By Claudia Bustamante
For the next year, the Institute of Transportation Studies at UCLA Luskin will benefit from the research and expertise of a climate adaptation specialist.
Mikhail Chester, an associate professor of civil engineering at Arizona State University, has joined the institute as a visiting scholar, focusing his yearlong appointment on studying infrastructure vulnerabilities in a changing environment.
Specifically, Chester will study how roads are vulnerable to wildfires.
“Roads are not designed for the worsening conditions of climate change,” Chester said.
The old, conventional thinking about this problem was to map the hazards: Where will it be hotter? Where will it flood? Where do the roads and bridges intersect?
“Infrastructure are not fragile, brittle things. They’re tough,” he said. “What I’ve been trying to do is shine a light on how we can think more critically about what ‘vulnerability’ means.”
Last year, California experienced its largest and deadliest wildfire season.
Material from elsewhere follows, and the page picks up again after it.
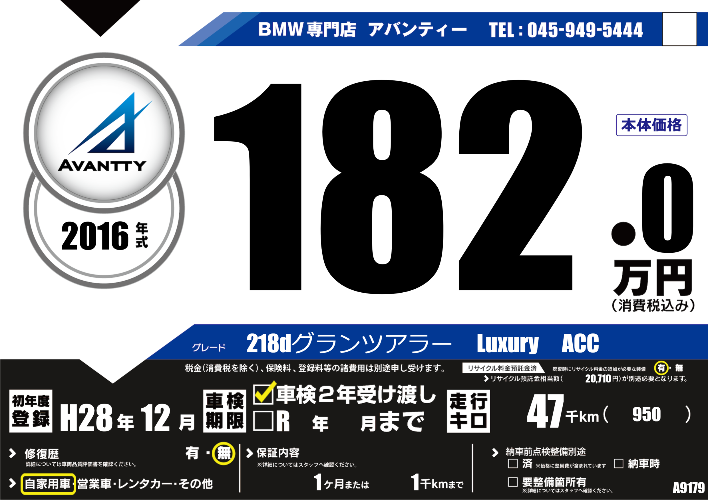 | 走行キロ | 4.7万km | 初年度登録 | H28年12月 |

And despite a wet winter, the state is again braced for an active wildfire season spurred by rising heat and driven by winds.
In recent years, Californians have seen wildfires burn near, and eventually cross, freeways.
And yet, “for the most part, the asphalt is OK,” Chester said. “It turns out the biggest danger to roads is after the wildfire.”
‘As infrastructure professionals ― planners and engineers ― if we can’t recognize issues and make changes, we’re going to be irrelevant.’
— Mikhail Chester
A fire will burn up vegetation, creating ground debris. It will also shift the soil chemistry, making it less likely to absorb water. The two can combine to disastrous effects following heavy rains. In what has become a routine post-wildfire concern, rocks, mud and other debris flow down hillsides left barren from recent fires and wreak havoc on roadways and other infrastructure.
While at UCLA, Chester ― who hopes to engage with professionals across multiple campus disciplines, such as urban planning, engineering, climate science and public health ― plans to connect the state’s fire forecasts and transportation infrastructure with various environmental indicators, like terrain, vegetation and soil characteristics.
“When you connect the dots and put all these things together, ideally, you come up with a better way of characterizing vulnerability,” Chester said.
Once the risks are identified, local officials and policymakers can draft an array of responses ranging from strengthening infrastructure and managing forests to detouring traffic away from vulnerable roadways.
A civil engineer with a public policy background, Chester is a leading researcher on the interface between infrastructure and urbanization. His work on the environmental impact of transportation looks beyond tailpipe emissions to assess the role of roads, fuel supply chains and manufacturing.
In Arizona, with high temperatures and flash flooding, he has explored climate adaptation and resilience. He is also currently involved in an interdisciplinary study with UCLA on the sun and heat exposure a person experiences in their day-to-day travels.
All of this work, as Chester explains, is the groundwork for a larger question: How will we manage infrastructure for the next 100 years?
The world is rapidly changing and new technology constantly emerging. People will continue to demand more from an infrastructure that is rigid and not designed to quickly and efficiently accommodate changes such as, for example, autonomous vehicles.
“I think we are woefully unprepared for how we manage infrastructure or how we think about the problem,” said Chester, whose work aims to reimagine these concepts for the 21st century and beyond.
“We are so stuck with the status quo that I’m worried whether or not we can make substantive change fast enough. I think as infrastructure professionals ― planners and engineers ― if we can’t recognize issues and make changes, we’re going to be irrelevant.”